To do this for every file is relatively simple with GNU Parallel

find 2*.md | parallel mv {} {}.x
find 2*.md.x | parallel cat {} '|' awk -f convert_post.awk '>' {.}
rm *.x

Job 2: File names with multiple periods (.)

function multi_dot() { FILENAME="$1" FILENAME_NO_EXT="$(echo "$FILENAME" | sed 's/.md$//')" NEW_FILENAME="$(echo "$FILENAME_NO_EXT" | sed 's/./_/g').md" mv "$FILENAME" "$NEW_FILENAME" } export -f multi_dot

find ..md | parallel multi_dot

Job 3: Correct Dates

Given I have files like 2019-07-24-ndjson-env.md which encode the date it shouldn't be too hard, but BashBlog wants to store the date within a comment of the HTML file that looks like .

If I want to import my data I can copy the markdown file into the working directory and run bb.sh edit MARKDOWN_FILE.md which will open up my $EDITOR and, upon save, generate a HTML file with the timestamp of $(date).

To do a mass import I will need to do some thinking:

Generating the HTML for blog post

if I run bb.sh edit 2019-07-24-ndjson-env.md and there is no 2019-07-24-ndjson-env.html BashBlog will exit with the status code 255 and the following output:

$ ./bb.sh edit 2019-07-24-ndjson-env.md
Can't edit post 2019-07-24-ndjson-env.html, did you mean to use "bb.sh.sh post <draft_file>"?
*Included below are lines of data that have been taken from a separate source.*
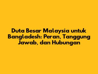 Duta Besar Malaysia Untuk Bangladesh: Peran, Tanggung Jawab, Dan Hubungan
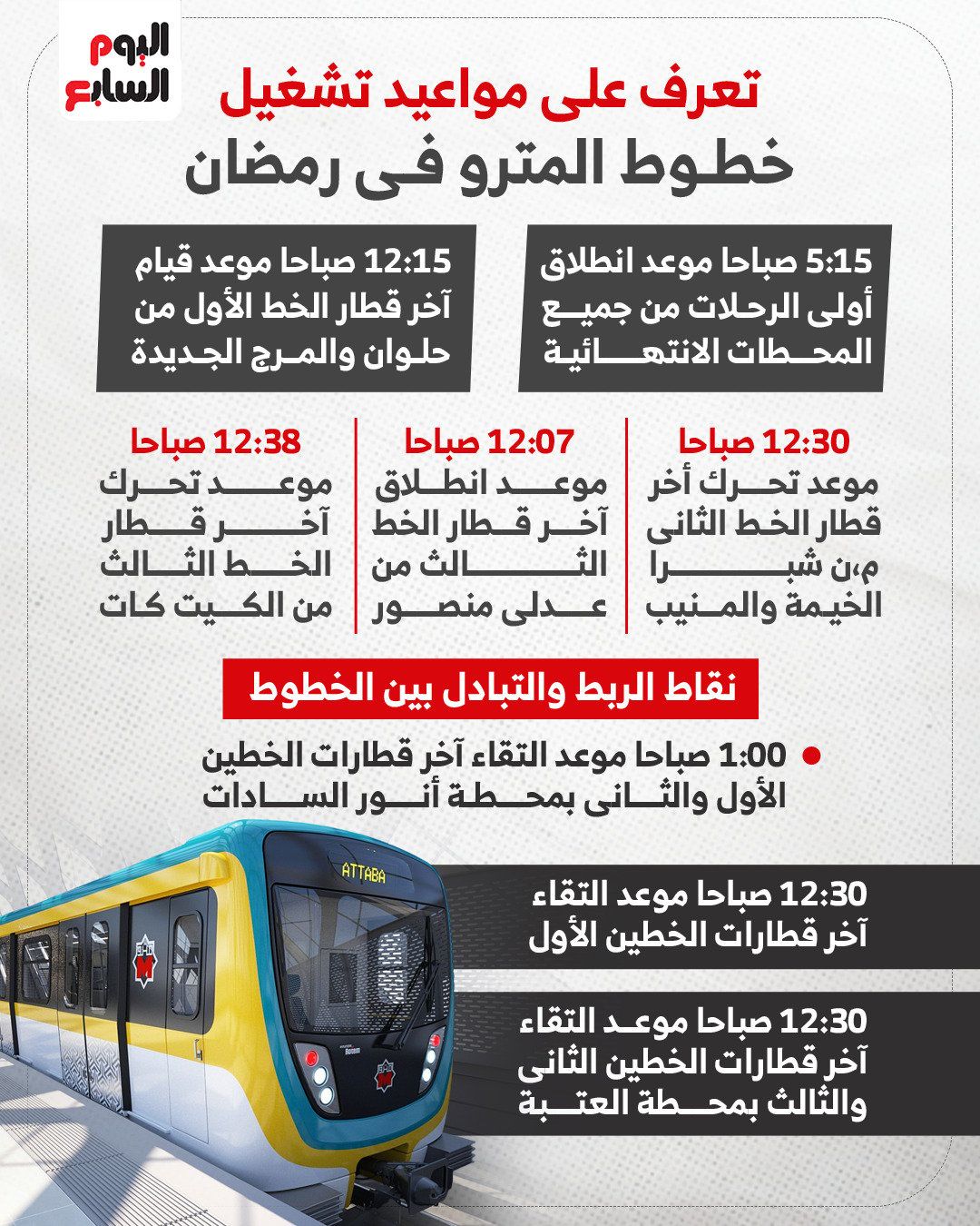 الخط الثاني: قيام آخر قطار من محطتي "شبرا الخيمة" و"المنيب" في تمام الساعة 12:30 صباحاً.
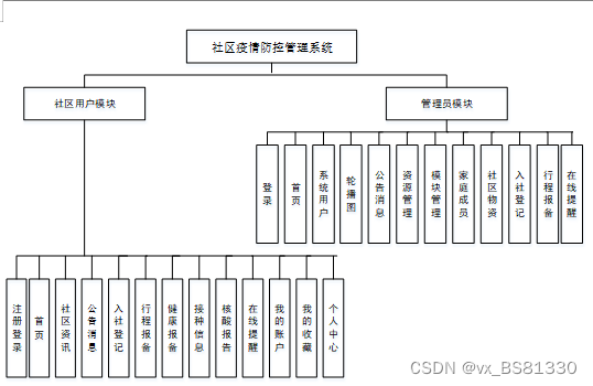 社区疫情防控管理系统总体分为前台用户模块和后台管理员模块。
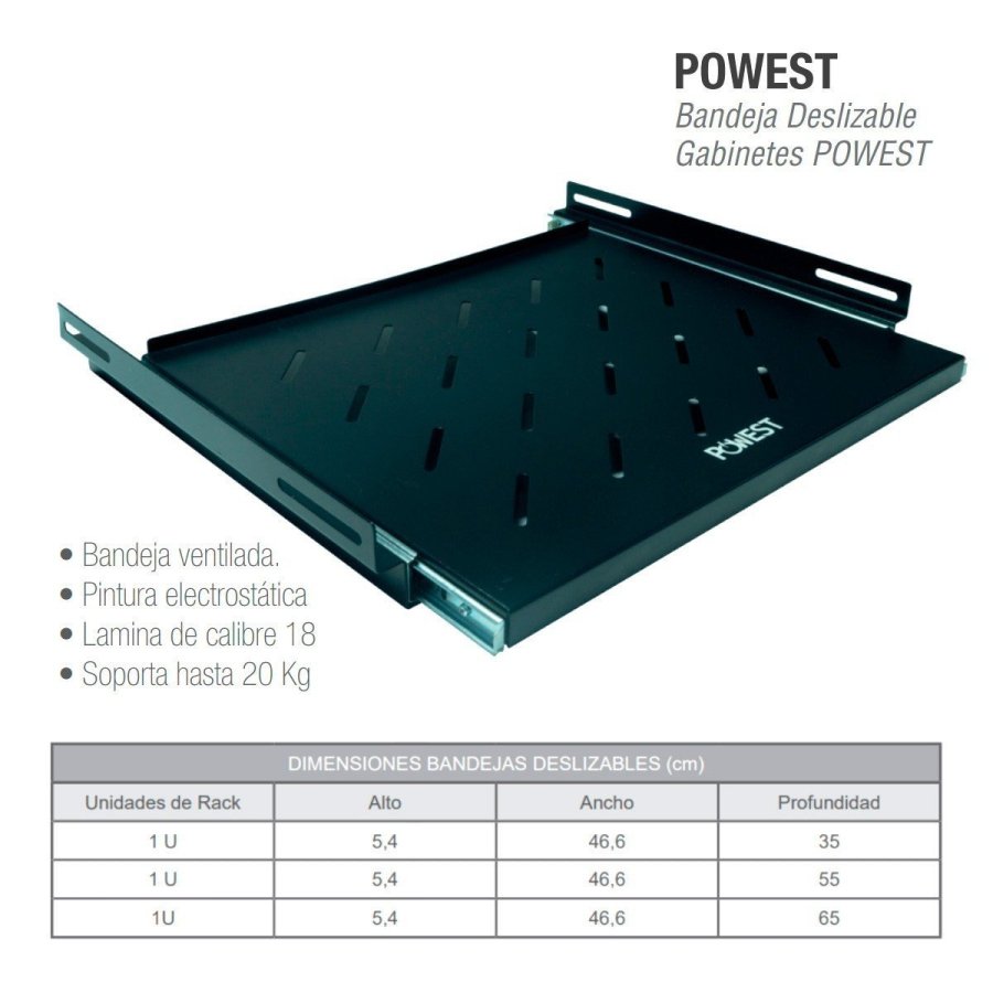 Bandeja Deslizable Ventilada 1 U X 65 CM para gabinetes Powest

This is easily solved by a touch 2019-07-24-ndjson-env and then re-running:

$ touch  2019-07-24-ndjson-env.html
$ bb.sh edit 2019-07-24-ndjson-env.md
MARKDOWN: /home/fozz/Projects/plain-text-blog/markdown
Posted 2019-07-24-ndjson-env.html
Rebuilding tag pages .
Rebuilding the index ........
Creating an index page with all the posts ........
Creating an index page with all the tags ...
Making RSS ........

Which is a good process, but I don't want to re-open my $EDITOR for every post...

The fake `$EDITOR`

If BashBlog always uses $EDITOR to allow you to edit before a post, why not set $EDITOR to something which will take the parameter of a file, will return a exit code of 0, but not be interactive... something like echo.

So now our bb.sh edit ... command now looks like env EDITOR=echo bb.sh edit 2019-07-24-ndjson.env.md

The Date

Having done all this BashBlog will still think the date of the post is now, because it has no logic to read the date from the filename, only from the bashblog_timestamp comment within the HTML file (falling back to $(date));

The following command will use sed to replace the date:

sed 's/\(<!-- bashblog_timestamp: #\).*\(# -->\)/\1YOUDATE\2/' -i 2019-07-24-ndjson-env.html

One Blog Post

To restore just one Blog post we would need to run the following commands:

DATE="$(echo "2019-07-24-ndjson-env.md" | cut -d '-' -f 1,2,3 | sed 's/\-//g')0830.01"
touch "2019-07-24-ndjson-env.html"
env EDITOR=echo bb.sh edit "2019-07-24-ndjson-env.md"
sed 's/\(<!-- bashblog_timestamp: #\).*\(# -->\)/\1'"$DATE"'\2/' -i "2019-07-24-ndjson-env.html"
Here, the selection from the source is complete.